SWE-bench Multilingual: Extends the idea beyond Python. It includes 300+ curated tasks from repositories in 9 languages; Java, TypeScript/JavaScript, Go, Rust, C/C++, etc. This tests cross-language understanding and generalization — performance is noticeably lower than on Python-only versions because most frontier models are still heavily Python-biased in training data.
There are also community forks and extensions like SWE-bench Pro, SWE-bench Live, and others that add multi-language depth, harder tasks, or anti-contamination measures. Scores are usually % Resolved. On SWE-bench Verified: Often higher, e.g., 76-82% for top models like Claude Opus 4.6 or newer Sonnet/Opus variants.
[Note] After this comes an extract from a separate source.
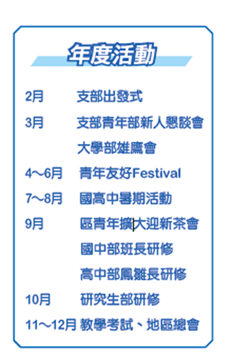 「在夢想的前方,有更廣大的舞台,我們稱之為使命。」會中,藉由觀賞《鼓勵的繫絆》、《在夢想的前方》兩部影片,與會青年感受到人際關係日益疏離的現代社會,創價致力締結綿密的關懷網絡,是連結人心的一股重要力量。年度企劃說明單元,透過精心製作的投影PPT,讓大家更了解嶄新一年的前進節奏,進而立下

On SWE-bench Multilingual: Lower overall, highlighting gaps in non-Python performance. In the context of Cursor’s Composer 2, they reported 73.7% on SWE-bench Multilingual — a very strong result, especially at their price point, showing it’s competitive even on the harder cross-language version.
Tests agentic capabilities: planning, exploration, multi-file editing, debugging loops. Many tasks are relatively “simple” bug fixes; hours of human work, not days/weeks. Potential data contamination/memorization risks some papers argue top scores partly come from models “remembering” popular repos.
Overall, SWE-bench and especially Verified + Multilingual remains the de facto standard for agentic coding evaluation in 2026 — far more indicative of real usefulness in tools like Cursor, Devin-style agents, or GitHub Copilot Workspace than function-level benchmarks.